I may be being too harsh, particularly because this book was even more influenced by Dazai’s personal life than The Setting Sun. Dazai was a deeply troubled person with a tragically short life, and while I may not enjoy reading it as much as Mishima’s work, I can firmly say that it is an utterly honest book, and that counts for a hell of a lot.

So go read Confessions of a Mask. Now.

And then read The Setting Sun and No Longer Human…if you want.



  1. I think you are being too harsh on Dazai. Suicidalality does things to a person, whether you see it as a psychological problem or not (because he and his characters were Japanese, I hesitate to talk about it in terms of (or ONLY in terms of) individual psychology. But either way, the things you’re bothered about (especially not having a ‘reason’ for such melancholy) is the root of the problem with a lot of suicidal thoughts- they don’t go away just because you don’t have a reason for wanting to end your own life.


    1. Hi, Erica.
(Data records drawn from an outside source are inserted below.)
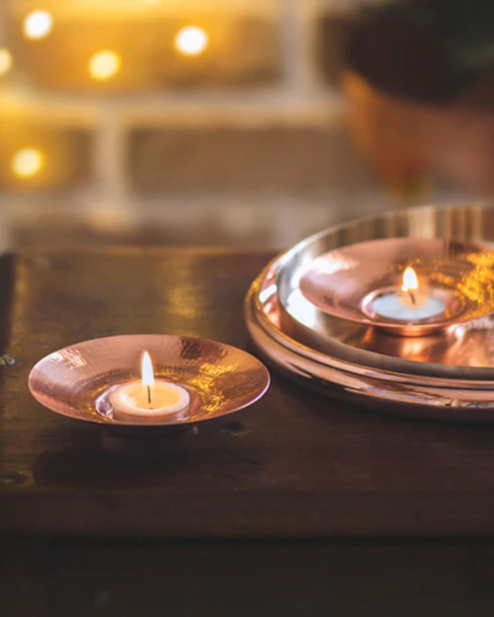 Its clean, circular design and soft copper shine make it perfect for every setting—from festive corners and intimate dinners to thoughtful gifts and corporate hampers. Whether you're lighting it for celebration or calm, it brings beauty without fuss.
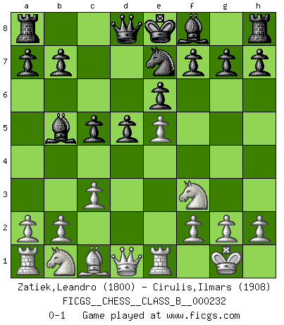 Last move : 0-1 2015 November 29 19:52:7 [Event "FICGS__CHESS__CLASS_B__000232"] [Site "FICGS"] [Date "2015.10.19"] [Round "1"] [White "Zatiek,Leandro"] [Black "Cirulis,Ilmars"] [Result "0-1"] [WhiteElo "1800"] [BlackElo "1908"] 1.e4 c6 2.d4 d5 3.e5 c5 4.Nf3 e6 5.c3 Nc6 6.Bb5 Bd7 7.O-O Nxe5 8.dxe5 Bxb5 9.Re1 Ne7 0-1 This chess game has been lost on time (started : 2015.10.19 12:10:7) Caro-Kann : Advance variation Kingside Castling by player White (move 7) Player Black won this chess game. Follow this game move after move (download)Chess is a fairy tale of 1001 blunders. (Savielly Tartakower) Wenn sie aufgeben, dann danke ich Ihnen für das Spiel (Eventualzug beim Fernschach). (Anonymous) El Ajedrez es tan interesante por sí solo, que no es necesario un interés monetario para persuadir a una persona a que lo practique; por lo tanto, nunca se juega por dinero. (Benjamin Franklin) Mais n'est-ce pas déjà le limiter injurieusement que d'appeler les échecs un jeu? N'est-ce pas aussi une science, un art, ou quelque chose qui, comme le cercueil de Mahomet entre ciel et terre, est suspendu entre l'un et l'autre, et qui réunit un nombre incroyable de contraires ? (Stefan Zweig) If only faces could talk... (Pat Summerall, Sportscaster during the Super Bowl)
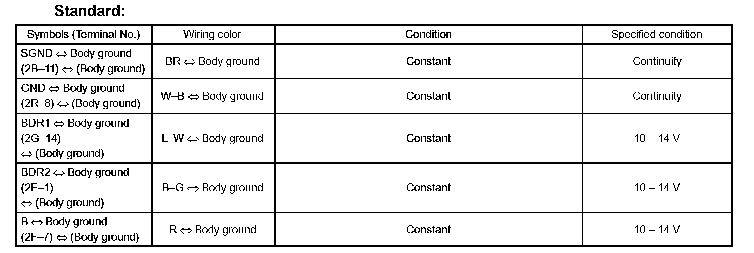 b. Check the voltage and continuity of each terminal of the wire harness side connectors.
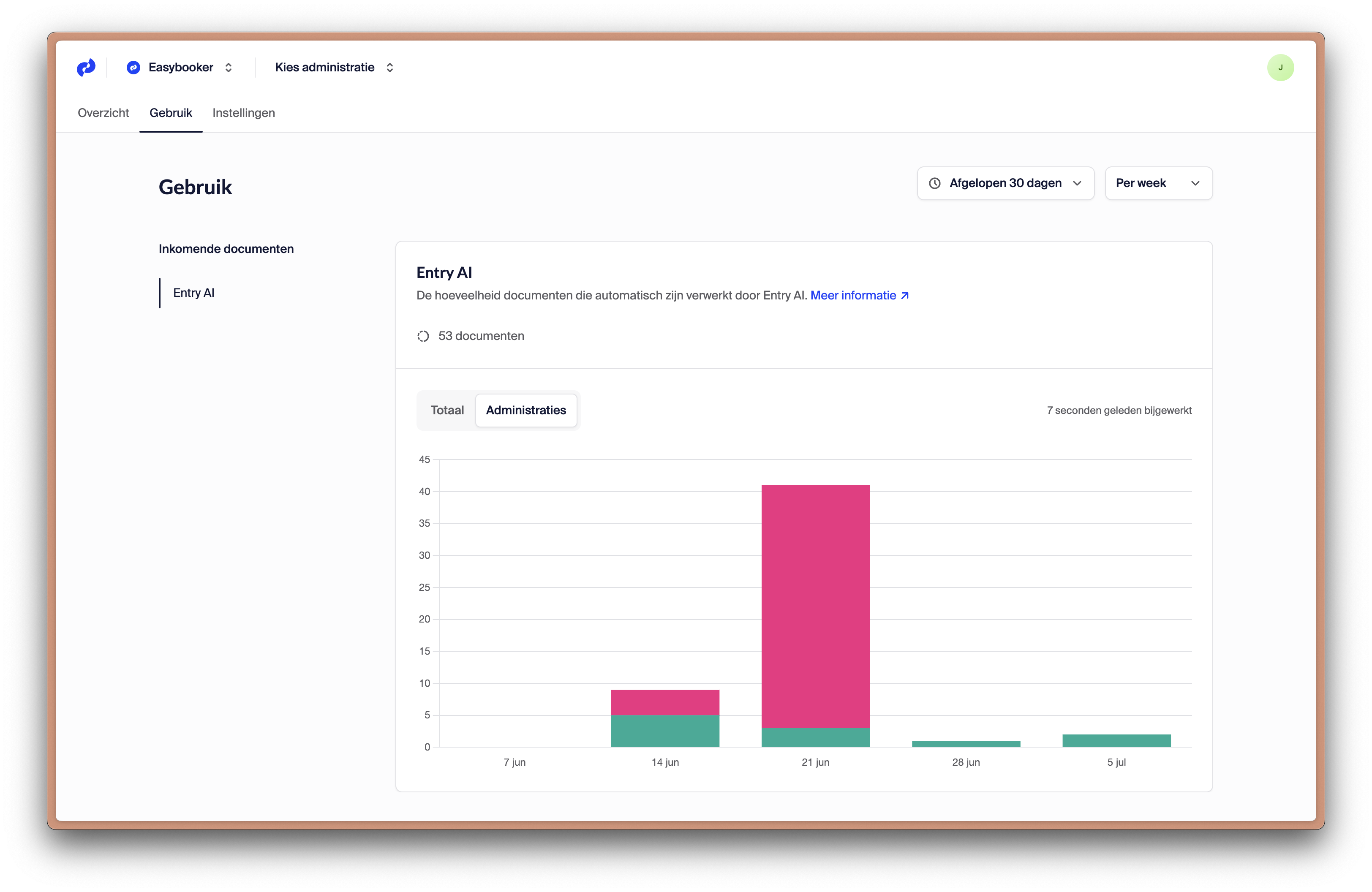 Voorheen was er één dashboard per administratie. Dat is nu veranderd naar één dashboard per team waar je kunt filteren op administratie. Nu zie je het aantal verwerkte documenten met Entry AI. In de toekomst komen hier meer grafieken bij.
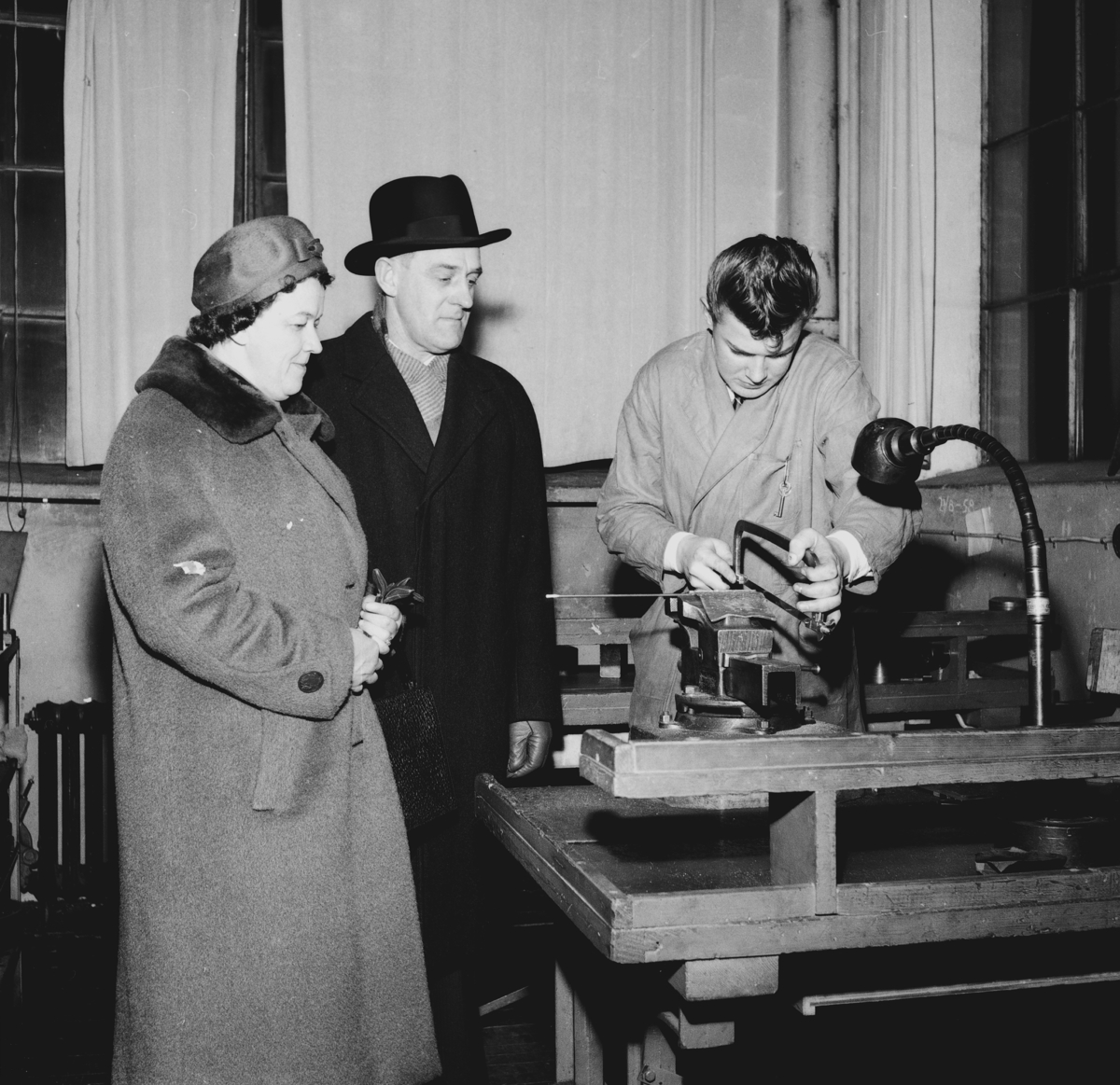 Ett par står och tittar när en elev på Huskvarnas lärlingsskola arbetar.
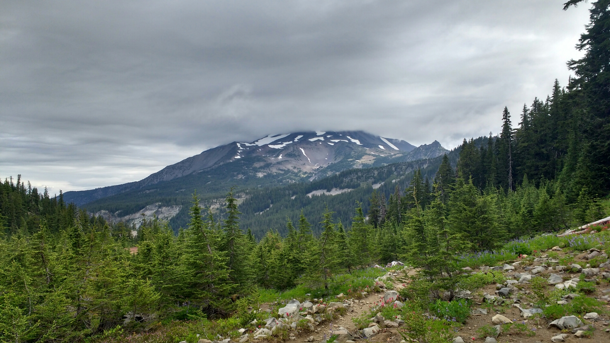 Today was largely mist shrouded making everything more wondrous. Unfortunately, there were several spells of light rain as well. Despite the lack of direct sun, hiking produces enough warmth to dry any clothes on the body except socks so if it hadn’t been for the later drizzle, I would have been quite comfortable upon arriving at camp. As it turns out, I was comfortable anyways since my destination for the day was Olallie Lake Resort whose owner lets passers-by to sit by the stove in the store of her off the grid resort.
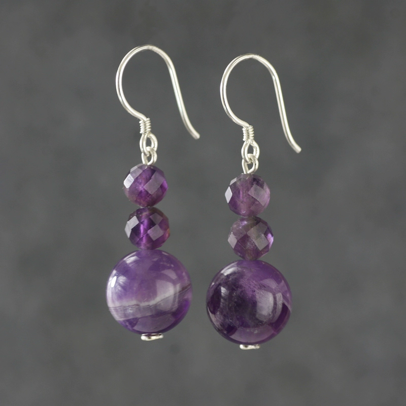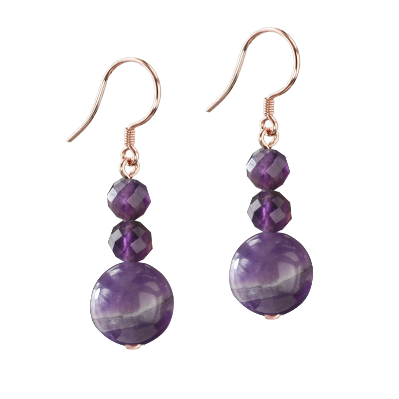 Natural amethyst internet celebrity Hong Kong style retro literary earrings

Thanks for your comment. I think you make a good point and I agree that just because a person can’t point to a “reason” behind their suicidal thoughts doesn’t mean the depression is any less real or worthy or attention. I’d never want to suggest that. I think my harshness has more to do with the writing/plot structure than the content, per se. The formless malaise that can consume a person is certainly a worthy subject of literature; I simply think I got – I don’t want to say bored – but fatigued after a while of Dazai making the same points. I liked the book at the beginning, and there were moments I enjoyed quite a bit, but the more it went on, the more I felt like he’d made his point and should either move on, find new ways of expressing what the narrator was feeling, etc.

      In any case, I’m very glad I familiarized myself with Dazai’s writing. Thanks again for your comment and if you disagree with any of what I’ve just said I’m happy to continue thinking about the issue, as I’d hate to treat any book unfairly, especially one that deals with a topic so resonant with people around the world (not to mention the author himself, obviously).